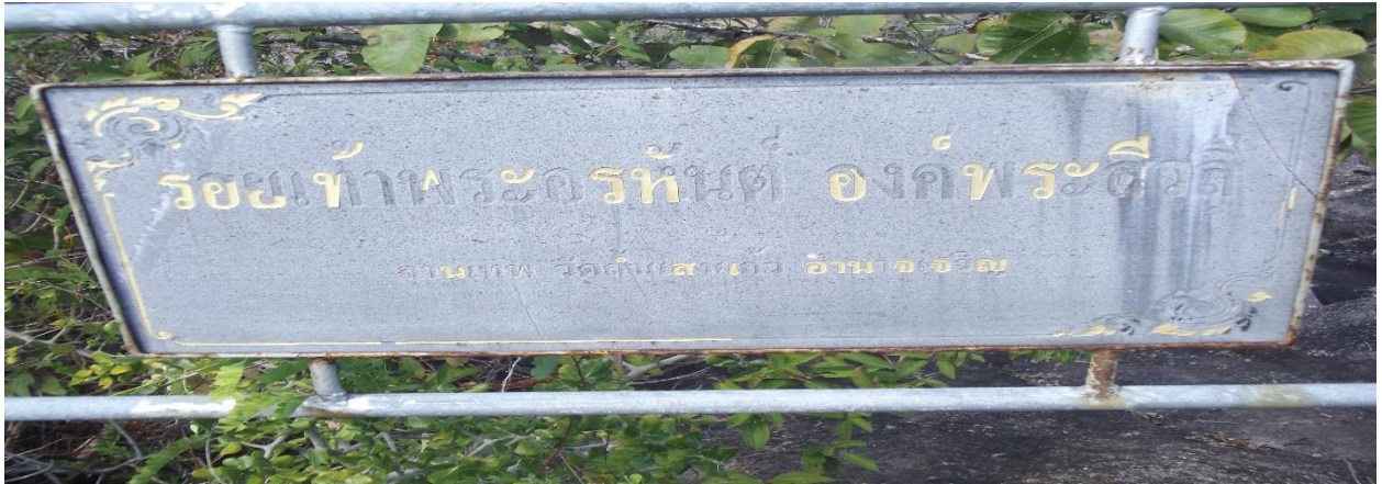
รอยเท้าพระอรหันต์
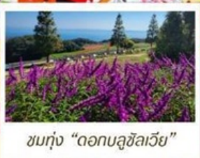
ชมทุ่ง "ดอกบลูซิลเวีย"
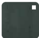
RUBIO MONOCOAT GREEN
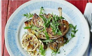
*Jamie's Italian：供應午晚餐，由名廚 Jamie Oliver 主理，打造正宗意式風味
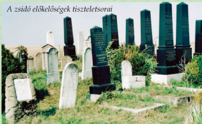
A zsidó előkelőségek tiszteletsorai

sorokat” nyitottak, amelyek ma is jól láthatók. A sírfeliratok nagyon gazdagok és szépek. A jelképek (szimbolikák) közül az I. sírsorban az apai ágon papi családból származó férfiak (kohaniták) temetkeztek. Jelképük: az áldást osztó két kéz, (az ún. kohanita kéz). Gyakoriságában ezt követi a
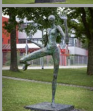
37 Helge Leiberger (*1954) Nicht abgeneigt / Not averse, 2004 Bronze 259 x 205 x 145 cm Sammlung Würth, Inv. 8067
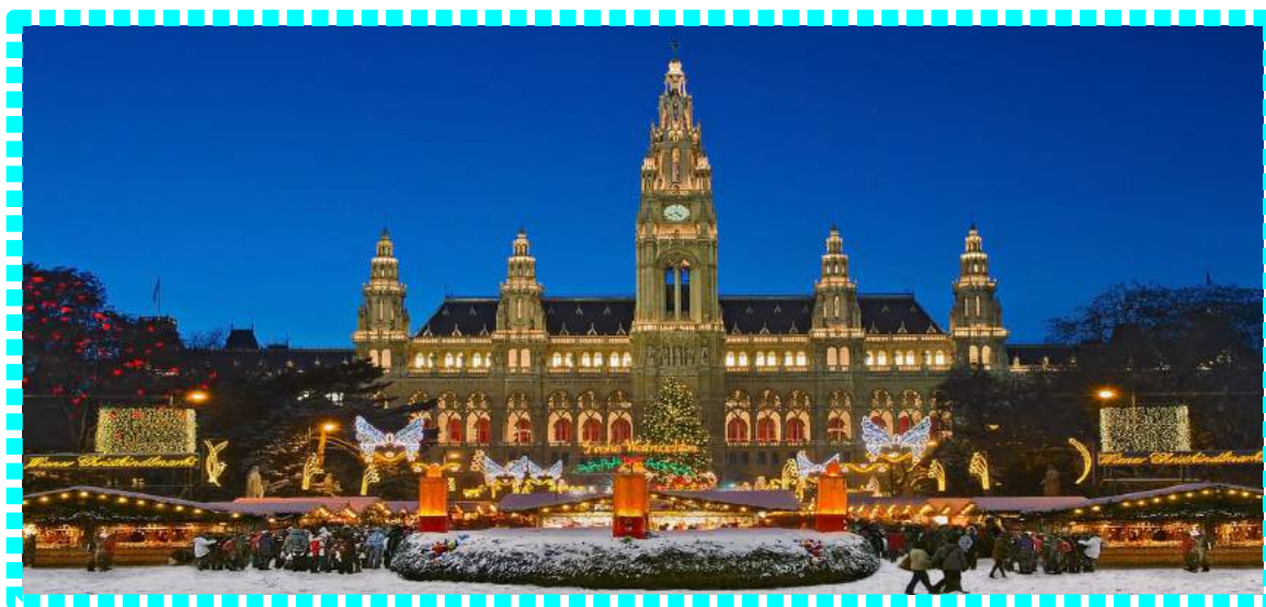
Boże Narodzenie. Jarmark w Wiedniu

Co ciekawe, prezentów nie przynosi Święty Mikołaj, ale Kristkindl, czyli Dzieciątko Jezus.
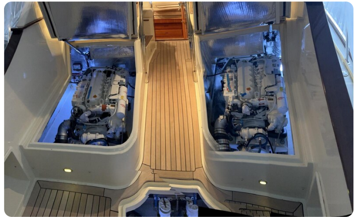
{1} Engine room
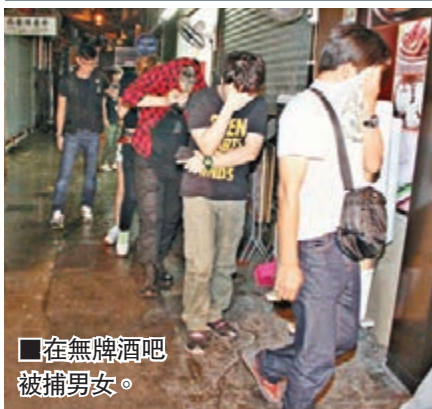
在無牌酒吧被捕男女。

香港文匯報訊（記者 杜法祖）警方昨凌晨採取反黑行動，在元朗泰祥街破獲一間懷疑由黑社會操控的無牌酒吧，檢獲共值7,000多元的酒精類飲品，拘捕13名男女，年紀最幼的「小酒客」僅14歲。
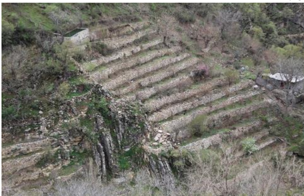
تصویر ۱۶. نمایی از تالان در هورامان

ارتفاع این تالان‌ها ۳ الی ۴ متر و معمولاً عرض شان از ۵ تا ۴۰ متر می‌باشد. در منطقه هورامان اگر این تالان‌ها پهنای کمی داشته باشند به آن «وچکله» wæčækLæ و اگر تالان‌ها در کنار رودخانه‌ها باشد و از پهنای بیشتری برخوردار باشند به آن «ته‌خته» tæxtæ گفته می‌شود.
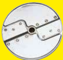
Julienne 4 x 4 mm Ref. 28052
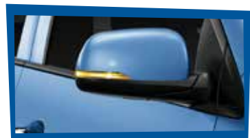
LUCES EN ESPEJOS RETROVISORES Y RETRÁCTILES

Que se retraen electrónicamente para un mejor estacionamiento.
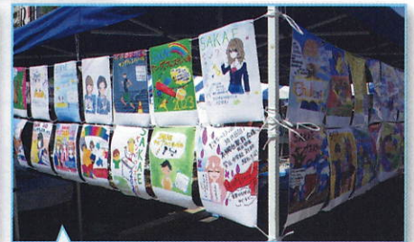
会場内に、応募いただいたポスター応募作品 すべてを展示しました。
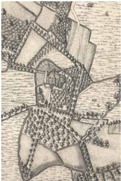
Het kasteel van Ooidonk, detail uit Sanderus, Flandria Illustrata, 1641 Het kasteel van Ooidonk in de 16de eeuw

Het huidige kasteel gaat nog terug op zijn oorspronkelijk grondplan: een vierkant met op de hoeken ronde torens en centraal tussen twee halfronde torens de ingang met ophaalbrug. De naam Ooidonk (Odoncq) wordt tussen de opsomming van heerlijke bezittingen van de familie de Fosseux voor het eerst apart vermeld in 1422, bij het huwelijk van Jan II van Montmorency met Johanna van Fosseux, erfdame van Nevele. Het is hier dat Filips verbleef als hij in deze streek was. Naar uitzicht zien we een luxueuze zomerresidentie die grotendeels teruggaat op de verbouwing van Maarten della Faille (1544–1620), die het in 1592 opkocht van de erfgenamen van Montmorency. De nadruk op wooncomfort en schoonheid – eerder dan op verdediging en veiligheid – werd ook bij de latere 19de-eeuwse verbouwingen voortgezet.
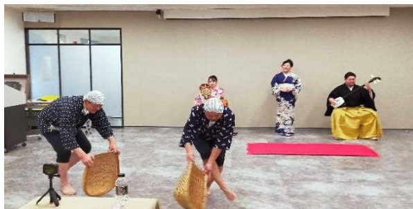
台湾新北市新店区 安来節公演

【安来節保存会補助事業】 2,516,000円 0円 0円 2,000,000円 516,000円 安来節保存会の行う安来節の普及宣伝や振興事業（唄い初め会等）に対し補助を行った。安来節全国優勝大会はコロナ禍により中止となったが、ビデオ審査会を実施した。また、台湾新北市新店区との友好交流都市覚書締結に出席し、新店区役所にて安来節公演を行い海外での安来節PRを行った。
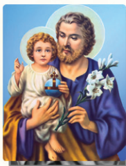
19 വി. യൗസേപ്പിതാവ്
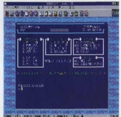
<그림 6> KOLIS 종합법률정보 초기화면

법조계는 인사이동, 개업, 이전, 유학, 논문 발표 등 항상 유동적이고 변동사항이 많아 책으로 볼 수 있는 정보에는 한계가 있다. 법조인명록은 이러한 법조계 동향을 빠르고 정확하
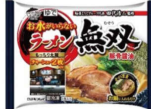
お水がいないラーメン無双
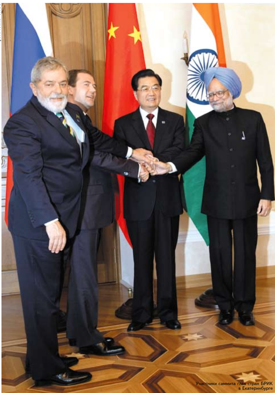
Участники саммита глав стран БРИК в Екатеринбурге
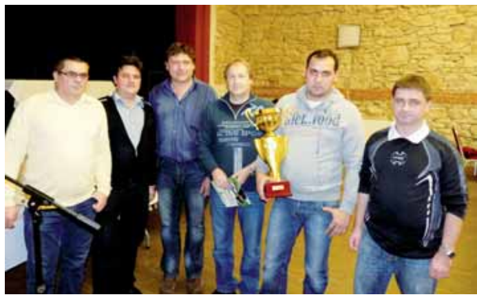
Valná hromada Malé kopané okresu Blansko v sobotu vyhlásila i vítěze jednotlivých divizí. Pohár pro vítěze 1. ligy převzali hráči Sokola BK SADROS Boskovice.
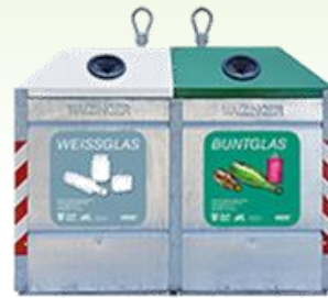
Glasverpackungen (in Bunt- und Weißglas trennen)
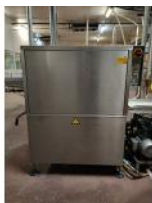
Referencia: MOR-079 TANQUE DE RETRACTILADO POR INM... Año: 2005 Marca: INELVI
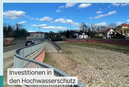
Investitionen in den Hochwasserschutz
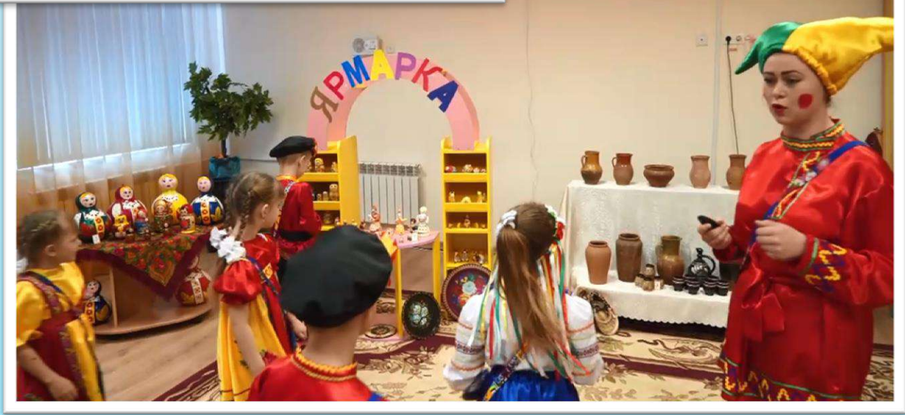
Образовательная деятельность «Ярмарка народных умельцев» в музыкальном зале.
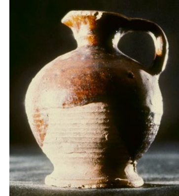
toulon xix e siècle

Pour toutes précisions : www.chateauderatilly.fr
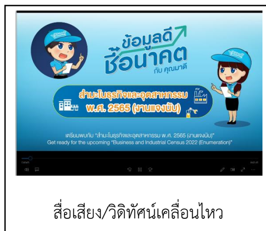
สื่อเสียง/วิดีโอทัศน์เคลื่อนไหว
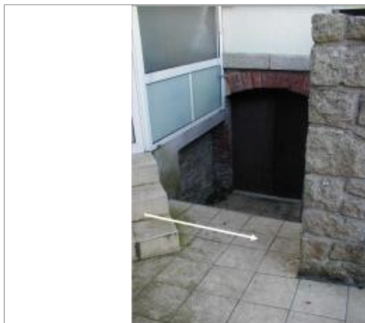
A l'arrière du bâtiment au n°1 quai du couvent

Coordonnées WGS84 : X: -2.96606948 / Y: 48.07000780
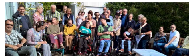
Sommerfest 2016, im Park der Sinne
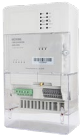
DC- Data Concentrator

Nedan följer ett urval av produkter som Bolaget tillhandahåller (läs gärna om dem i Bolagets Memorandum)
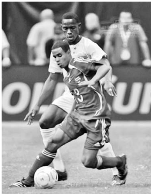
La última vez que ambos equipos se enfrentaron fue en la Copa de Oro del 2007.
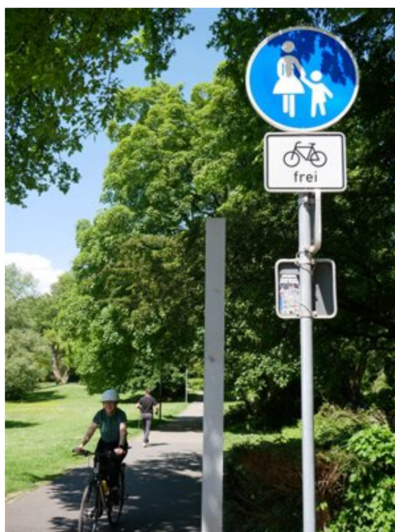
Rücksichtsvolles Miteinander auf einem gemeinsamen Fuß- und Radweg.

Noch strengere Vorschriften gelten auf Fußwegen mit dem Zusatz-Schild „Radfahrer frei“. Hier haben Fußgänger Vorrang, und Radfahrer müssen Schrittgeschwindigkeit einhalten und dürfen sich auf keinen Fall den Weg freiklingeln. „Eine Benutzungspflicht für diese Wege besteht für die Radler nicht. Sie können auch auf der Straße fahren und sollten dies im Interesse des Fußgängerverkehrs auch nach Möglichkeit tun“, unterstreicht Arnold.

• [Exercise instructions]: Each line from the start of the entries to the line holding "Het kasteel van Ooidonk, detail" is to be given again exactly, both ends included, and each picture is to be left out.

• [Exercise result]:
รอยเท้าพระอรหันต์
ชมทุ่ง "ดอกบลูซิลเวีย"
RUBIO MONOCOAT GREEN
*Jamie's Italian：供應午晚餐，由名廚 Jamie Oliver 主理，打造正宗意式風味
A zsidó előkelőségek tiszteletsorai

sorokat” nyitottak, amelyek ma is jól láthatók. A sírfeliratok nagyon gazdagok és szépek. A jelképek (szimbolikák) közül az I. sírsorban az apai ágon papi családból származó férfiak (kohaniták) temetkeztek. Jelképük: az áldást osztó két kéz, (az ún. kohanita kéz). Gyakoriságában ezt követi a
37 Helge Leiberger (*1954) Nicht abgeneigt / Not averse, 2004 Bronze 259 x 205 x 145 cm Sammlung Würth, Inv. 8067
Boże Narodzenie. Jarmark w Wiedniu

Co ciekawe, prezentów nie przynosi Święty Mikołaj, ale Kristkindl, czyli Dzieciątko Jezus.
{1} Engine room
在無牌酒吧被捕男女。

香港文匯報訊（記者 杜法祖）警方昨凌晨採取反黑行動，在元朗泰祥街破獲一間懷疑由黑社會操控的無牌酒吧，檢獲共值7,000多元的酒精類飲品，拘捕13名男女，年紀最幼的「小酒客」僅14歲。
تصویر ۱۶. نمایی از تالان در هورامان

ارتفاع این تالان‌ها ۳ الی ۴ متر و معمولاً عرض شان از ۵ تا ۴۰ متر می‌باشد. در منطقه هورامان اگر این تالان‌ها پهنای کمی داشته باشند به آن «وچکله» wæčækLæ و اگر تالان‌ها در کنار رودخانه‌ها باشد و از پهنای بیشتری برخوردار باشند به آن «ته‌خته» tæxtæ گفته می‌شود.
Julienne 4 x 4 mm Ref. 28052
LUCES EN ESPEJOS RETROVISORES Y RETRÁCTILES

Que se retraen electrónicamente para un mejor estacionamiento.
会場内に、応募いただいたポスター応募作品 すべてを展示しました。
Het kasteel van Ooidonk, detail uit Sanderus, Flandria Illustrata, 1641 Het kasteel van Ooidonk in de 16de eeuw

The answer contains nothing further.